The GPU acceleration that is provided by WML Accelerator allows for your AI platform to scale up and down automatically which allows for more GPU allocation and availability helping a data scientist get faster results and reach a better level of model accuracy. Added benefits of WML Accelerator include:
  • Helps data scientists optimize the speed of training by automating hyperparameter searches in parallel.
  • The elastic distributed training capability helps with distributing model training across multiple GPUs and compute nodes, dynamically allocating and distributed to training jobs. Training jobs can be added or removed seamlessly, where elastic distributed training handles the GPU distribution for models that are built on stand-alone systems and makes the distribution apparent to the user.

If you plan on using WML Accelerator with IBM Watson Studio Local or WML, you must complete the following installation.

Before you begin
  • Ensure that your system meets all requirements: Hardware and software requirements.
  • Ensure that you have set up your system: Set up your system (Manual install).
  • Consider user authentications when installing WML Accelerator with IBM Watson Studio Local or IBM Watson Machine Learning:
    • To create a Spark instance group using the templates provided, make sure to configure a pluggable authentication module (PAM), like LDAP, for user authentication: Configuring user authentication for PAM and default clients. LDAP is required to enable impersonation with authentication for LDAP or OS execution users.
    • User authentication can be handled by PAM, otherwise, the cluster administrator must add each user to WML Accelerator.
Steps:
  1. Install IBM Watson Studio Local: Installing IBM Watson Studio Local.
  2. Log in to the host as root or as a user with sudo permissions.
  3. Download the appropriate install package on the master host. If you are entitled to the packages, download it from Passport Advantage Online or Entitled Systems Support (ESS). If you want to evaluate the product, download the evaluation packages from the WML Accelerator 1.2.1 Evaluation page.
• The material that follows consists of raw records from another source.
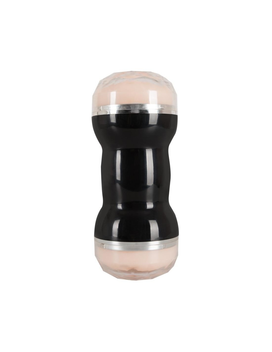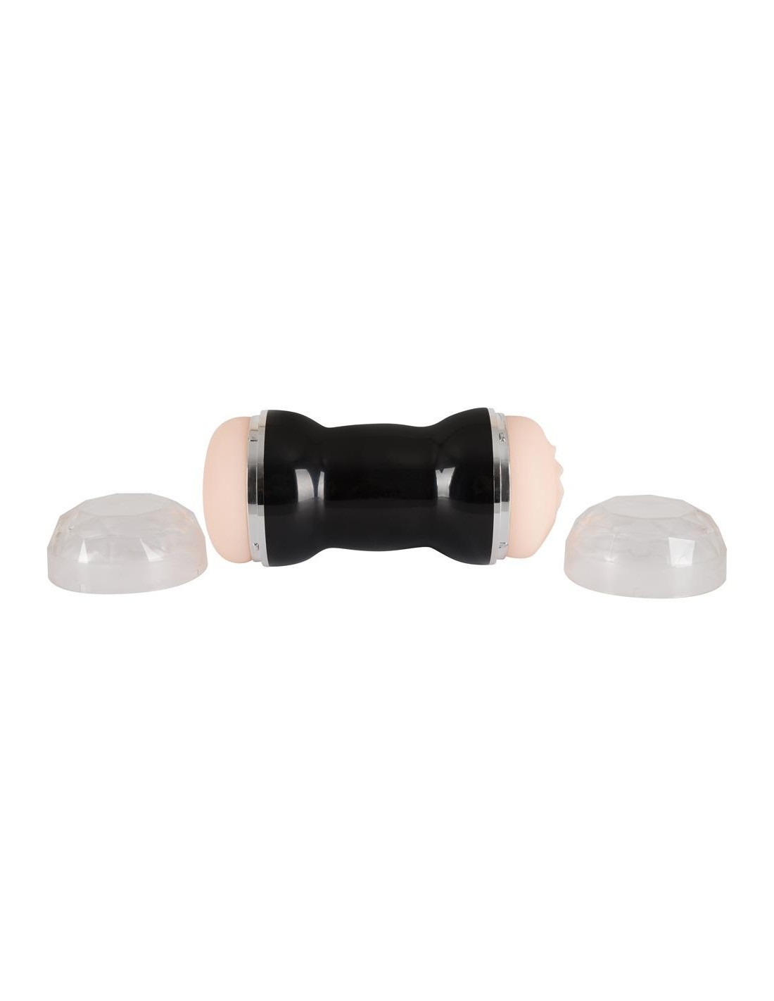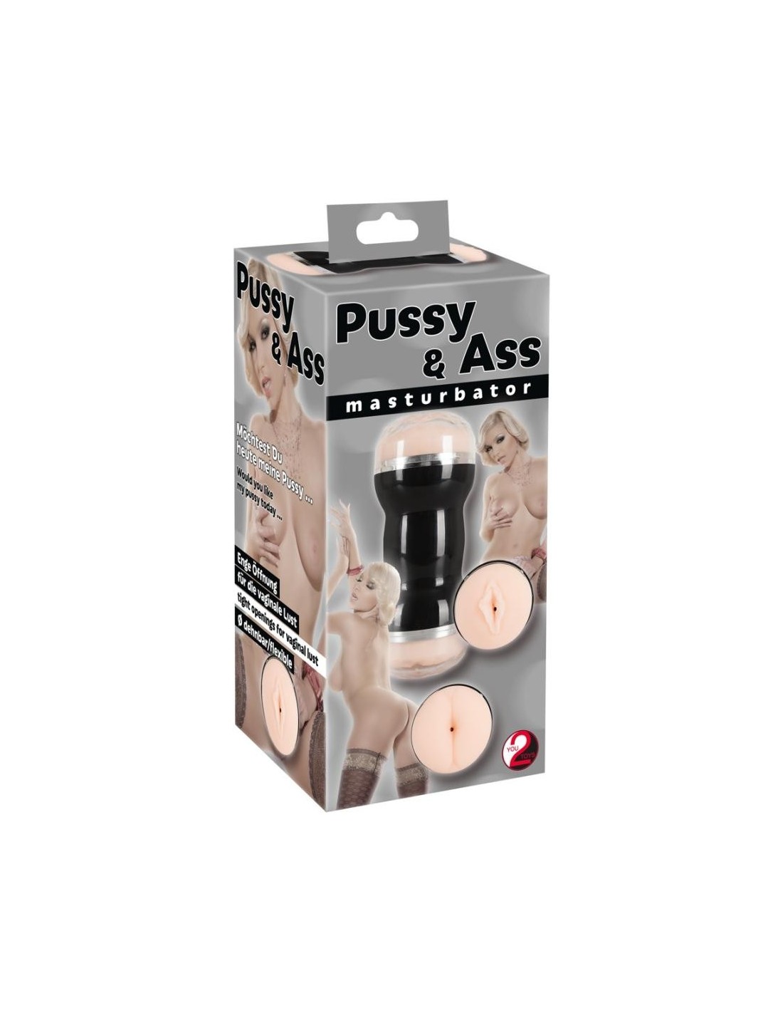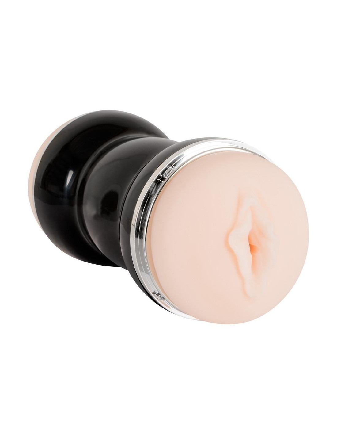 Masturbatore a doppia masturbazione color pelle in involucro nero e argento. Il canale del piacere strutturato è aperto su entrambi i lati - da un lato in forma di vagina, dall'altro in forma di ano. Lunghezza totale 20 cm, O̸ interno ca. 4 cm. Si consiglia l'uso di un lubrificante. Il canale del piacere può essere estratto dalla lattina per la pulizia. Materiale: TPR, coperchio ABS.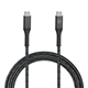 Cable para carga y transferencia de datos con conector Tipo C a Tipo C, 5A transferencia rápida, 1.2m de longitud, en color negro, 100% reciclable y fabricado con materiales reciclados de origen certificado RCS - RECYCLED CLAIM STANDARD.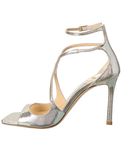 - Azia 95 Glitter Leather Sandal in champagne glitter leather and gold-tone hardware with strappy design and squared toe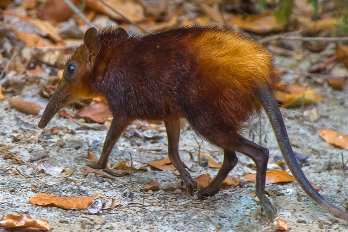 Это сравнительно небольшое существо, которое достигает длины около полуметра от кончика длинного носа, до кончика не менее длинного хвоста, который составляет почти половину всей длины.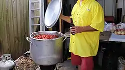 A boil is usually done in a large pot (60 to 80 quarts — large enough to necessitate a truck in most cases) fitted with a strainer and heated by propane. However, some traditionalists see no need for a strainer and make use of a net or a wire mesh scoop. Seasonings include crab boil packets, cayenne pepper, hot sauce, salt, lemons, and bay leaf. Ears of corn, new potatoes, onions, and heads of garlic are usually included in shrimp and crawfish boils. Some people will add smoked sausage links or mushrooms. When cooking crawfish there is a debate over whether or not the crawfish must first be purged by covering them with clear water and a generous amount of salt for a few minutes. Advocates argue that this forces the crawfish to rid their bodies of impurities. Others argue that it does not work and is an unnecessary step. A "Boil Master" is in charge of making sure the ingredients go into the pot in the proper sequence and controls the timing of the steps. There is no right or wrong when seasoning a crawfish boil and many experienced boilers simply go by feel although there are some guidelines to follow and a great deal of opinions on how a boiled crawfish should be seasoned.[2] Many recipes call for a short boil followed by a period of soaking with the heat turned off. The contents of the pot are removed, drained, and then dumped onto a newspaper covered table. Sometimes, crawfish may be dumped into the traditional watercraft in which crawfishermen have historically used to traverse the bayous and swamps; a pirogue. Bottles of hot sauce, lemons and melted butter are usually available, along with cocktail sauce at a shrimp boil. Some families like to use Italian salad dressing or ketchup, or a mixture of both.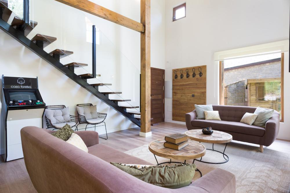 Un verdadero concepto de LUJO EN LA MONTAÑA, con capacidad hasta 8 personas, distribuido en 4 dormitorios y 3 baños. Techos inclinados, maderas recuperadas y una gran chimenea le recibirán en un amplio salón-comedor de doble altura.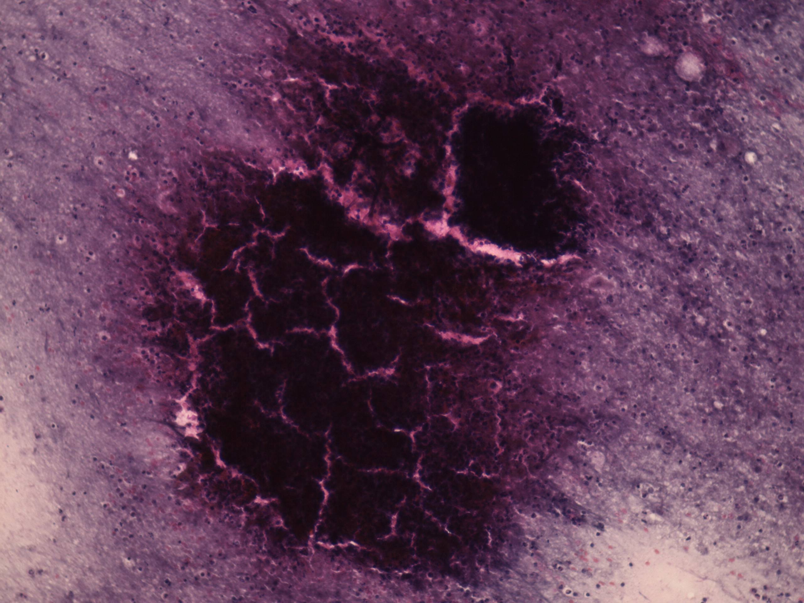 Pap-smear, 400x. Inflammatory cells in necrotic background.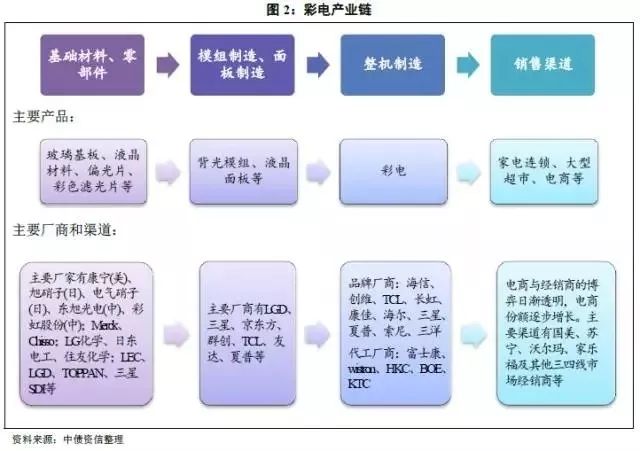 我国彩电制造企业可以分为两类,一是有自主品牌的厂商,主要有海信、创维、TCL、长虹、康佳、海尔、三星、夏普、索尼、三洋等;二是没有自主品牌的厂商[详见附注],包括富士康、兆驰股份、毅昌科技、wistron、HKC、BOE、KTC等。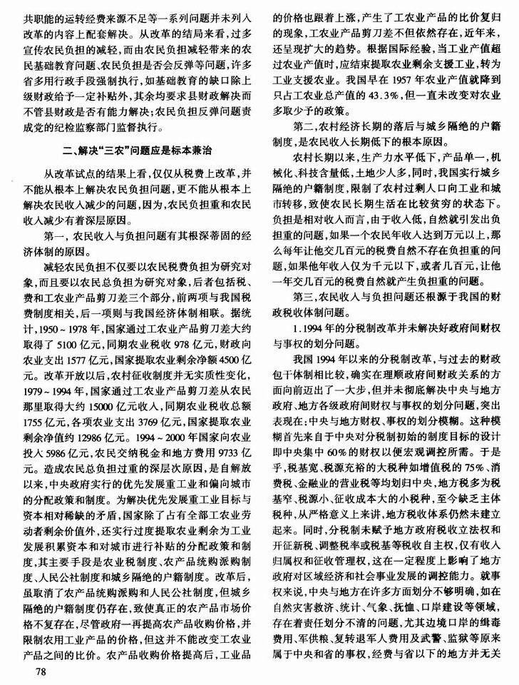 农村税费改革应标本兼治

  4. Set the EGO_TOP environment variable to be the path where you will install IBM Spectrum Conductor™ Deep Learning Impact. If not set, the default is /opt/ibm/spectrumcomputing.
  5. Extract the component packages.
    1. Log in to the master host with root or sudo to root permission.
    2. Run the WML Accelerator install package to extract the install files:
      Entitled version
      • To extract the install files to the current directory, run:
        sh ibm-wmla-1.2.1_ppc64le.bin
      • To extract the install files to a different directory, run:
        sh ibm-wmla-1.2.1_ppc64le.bin --extract extract_directory
      Evaluation version
      • To extract the install files to the current directory, run:
        sh ibm-wmla-eval-1.2.1_ppc64le.bin
      • To extract the install files to a different directory, run:
        sh ibm-wmla-eval-1.2.1_ppc64le.bin --extract extract_directory
      Note: WML CE 1.6.1 and the WML Accelerator license will be installed to $EGO_TOP/ibm-wmla/1.2.1/license. The default install location for IBM Spectrum Conductor Deep Learning Impact and IBM Spectrum Conductor is /opt/ibm/spectrumcomputing.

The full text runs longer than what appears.